Sep 25, 2016 04:00 AM EDT

A new research has revealed that the amount of atmospheric oxygen has dropped over the past million years or so. Is it something to be worried about?

Scientists of Princeton University gathered some ancient ice core samples from Antarctica and Greenland to explain this drop. Their findings were published in the journal Science.

In detail, the world has lost 0.7 percent atmospheric oxygen over the past 800,000 years. Even more alarming is the oxygen sink, processes that removed oxygen from the air, are even consuming bigger what the sources of oxygen have given out; 1.7 percent to be exact.

According to the researchers, there are two possible reasons for this. First, it is because of the increasing amount of pyrite by either Neogene cooling or increasing Pleistocene erosion rates over the past years.

Erosion exposes pyrite and other organic carbon into air. Previous studies have shown pyrite and organic carbon react with oxygen, causing it to be absorbed from the air.

Another explanation is the increasing microbe activity of ocean-consuming organisms, as brought by a cooling ocean.

"Alternatively, when the ocean cools, as it has done over the past 15 million years, before fossil fuel burning, the solubility of oxygen in the ocean increases. That is, the oceans can store more oxygen at colder temperatures for a given concentration of oxygen in the atmosphere," University geologist Daniel Stolper told Live Science.

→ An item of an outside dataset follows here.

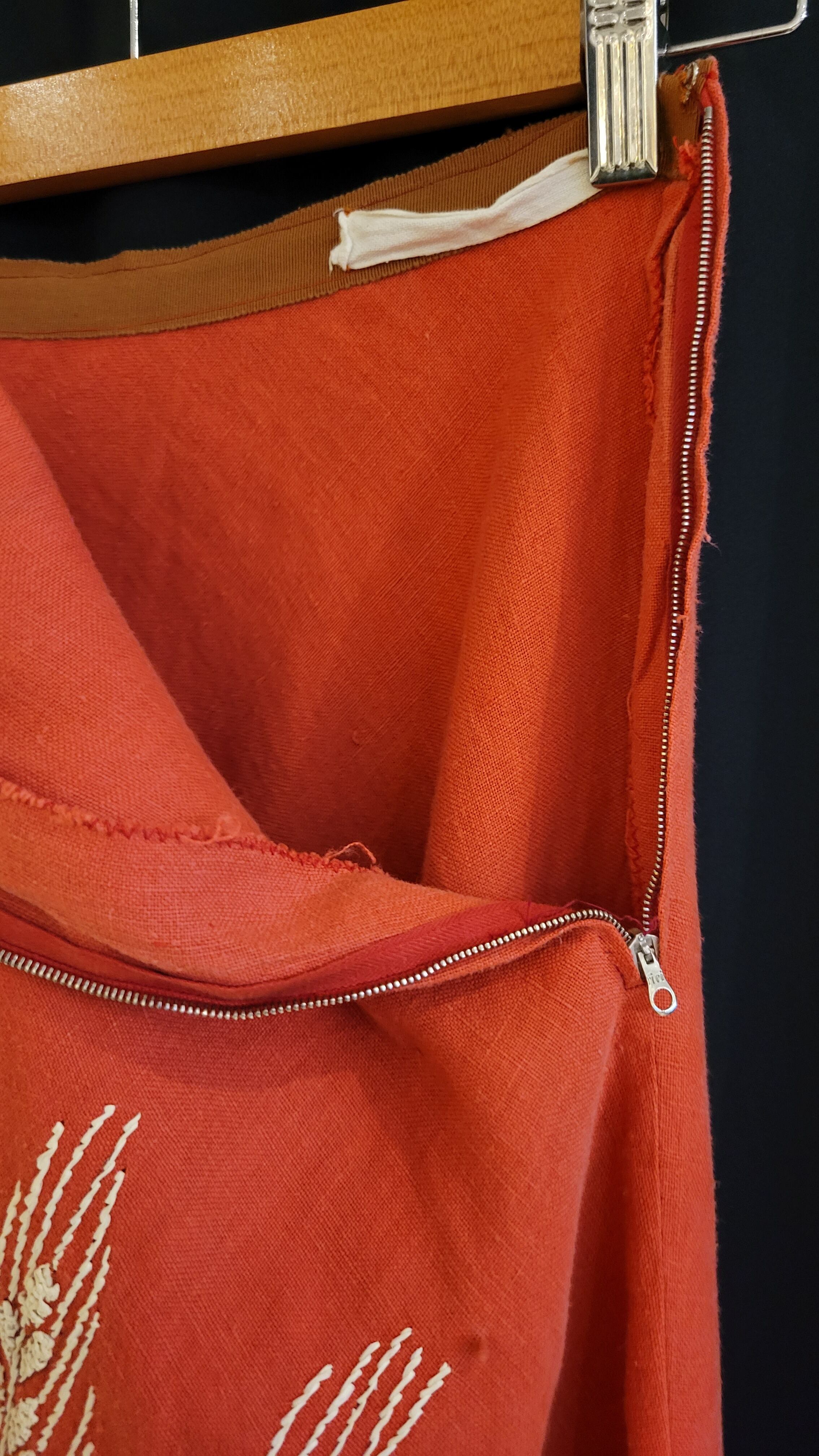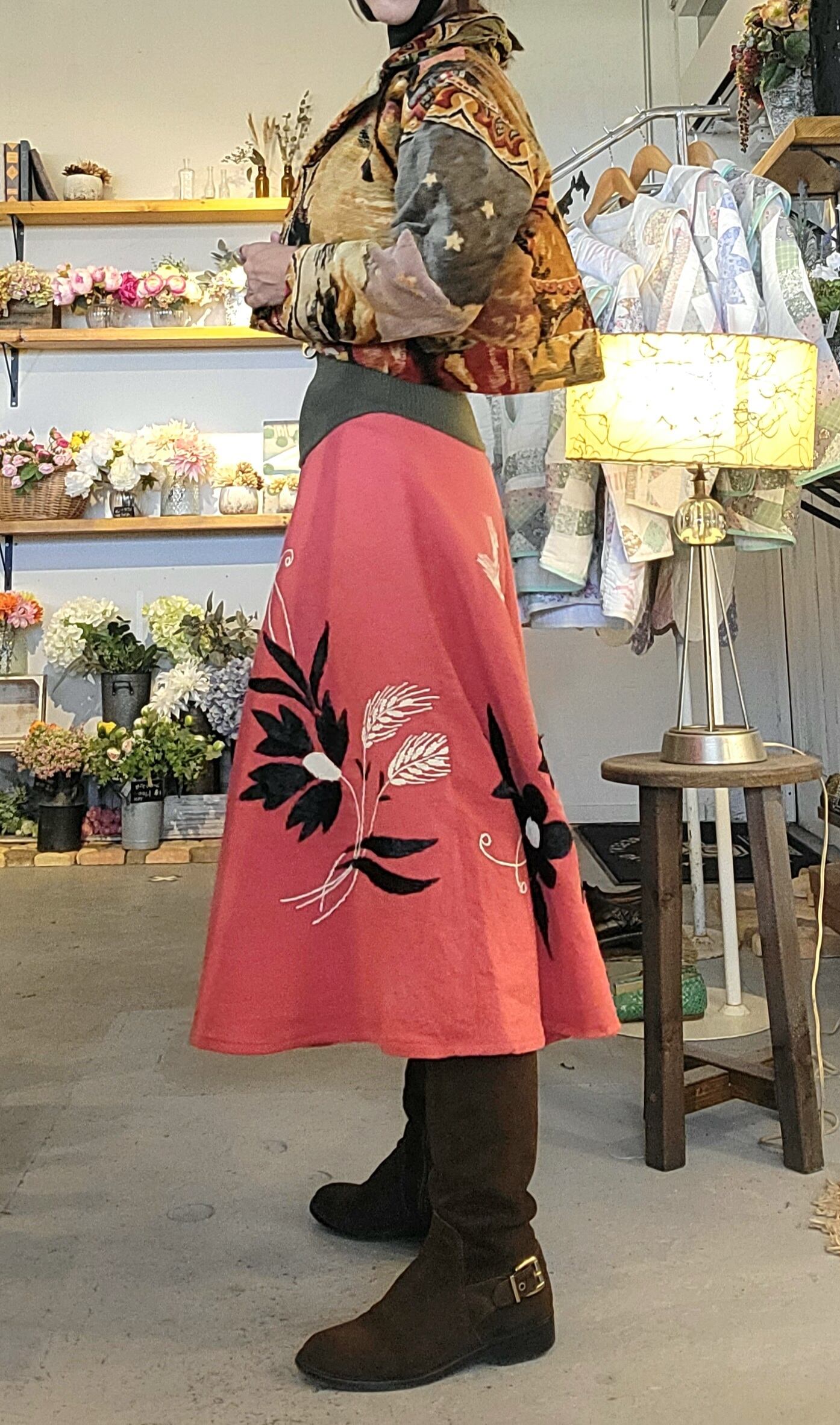 ヴィンテージの刺繍入りフレアスカート。素材表記はありませんがコットンです。サイドジッパー付き。刺繍部分の素材はラフィアのようです。少し色褪せた赤がこなれた雰囲気。立体感のある大柄の刺繍が存在感のある1枚です。

As a result, oxygen-dependent microbes in the ocean and in sediments (areas that are often with less oxygen) can then become more dynamic and their rates of consuming this oxygen will become ultimately high, leaving less of it in the atmosphere.

Talking to Gizmodo, Stolper also said long term climate change could drive more cooling oceans.

So, is this something the people depending on oxygen should be worried about? Stolper told Gizmodo although we are consuming oxygen at a rate a factor of a thousand times faster than before, we are still not running out of oxygen to breathe, noting in the study that the depletion of oxygen is comparable to riding an elevator to the 30th floor of a building.